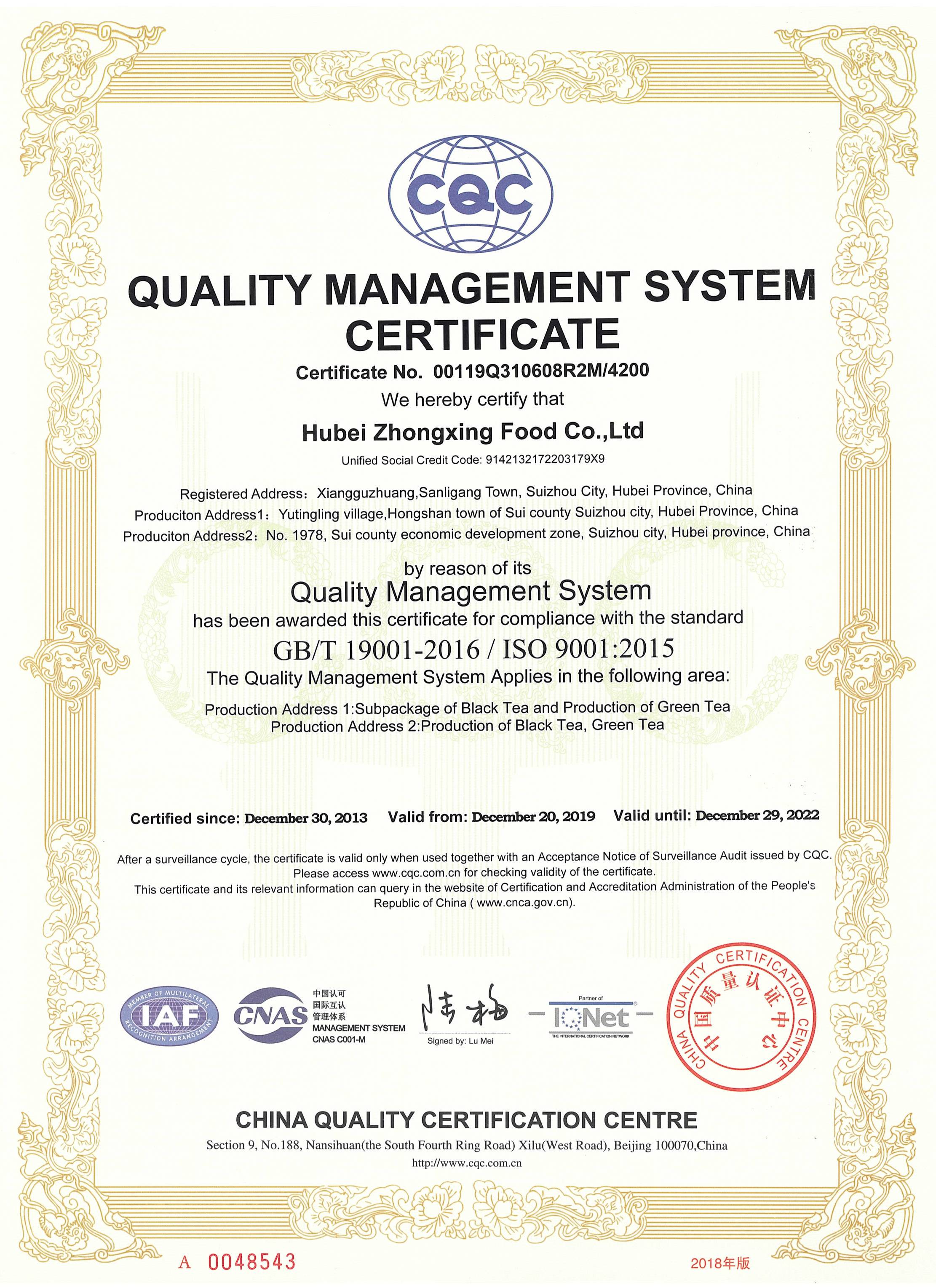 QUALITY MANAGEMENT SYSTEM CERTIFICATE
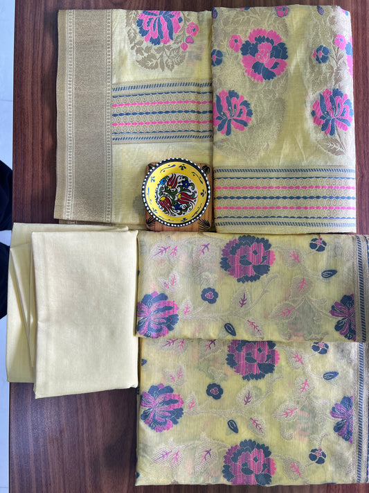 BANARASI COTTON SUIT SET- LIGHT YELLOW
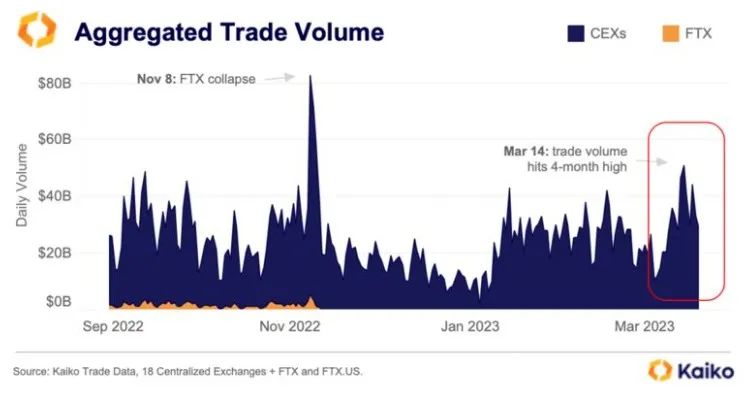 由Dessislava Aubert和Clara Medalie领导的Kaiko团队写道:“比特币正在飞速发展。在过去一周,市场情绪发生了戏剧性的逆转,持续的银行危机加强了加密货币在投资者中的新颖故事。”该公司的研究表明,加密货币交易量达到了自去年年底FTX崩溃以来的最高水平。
____
Exercise aim:
The copy must begin at the line containing "BANARASI COTTON SUIT SET- LIGHT YELLOW" and end at the last line of the data above, with every line retyped exactly and no pictures included.

Result for this exercise:
 BANARASI COTTON SUIT SET- LIGHT YELLOW
 由Dessislava Aubert和Clara Medalie领导的Kaiko团队写道:“比特币正在飞速发展。在过去一周,市场情绪发生了戏剧性的逆转,持续的银行危机加强了加密货币在投资者中的新颖故事。”该公司的研究表明,加密货币交易量达到了自去年年底FTX崩溃以来的最高水平。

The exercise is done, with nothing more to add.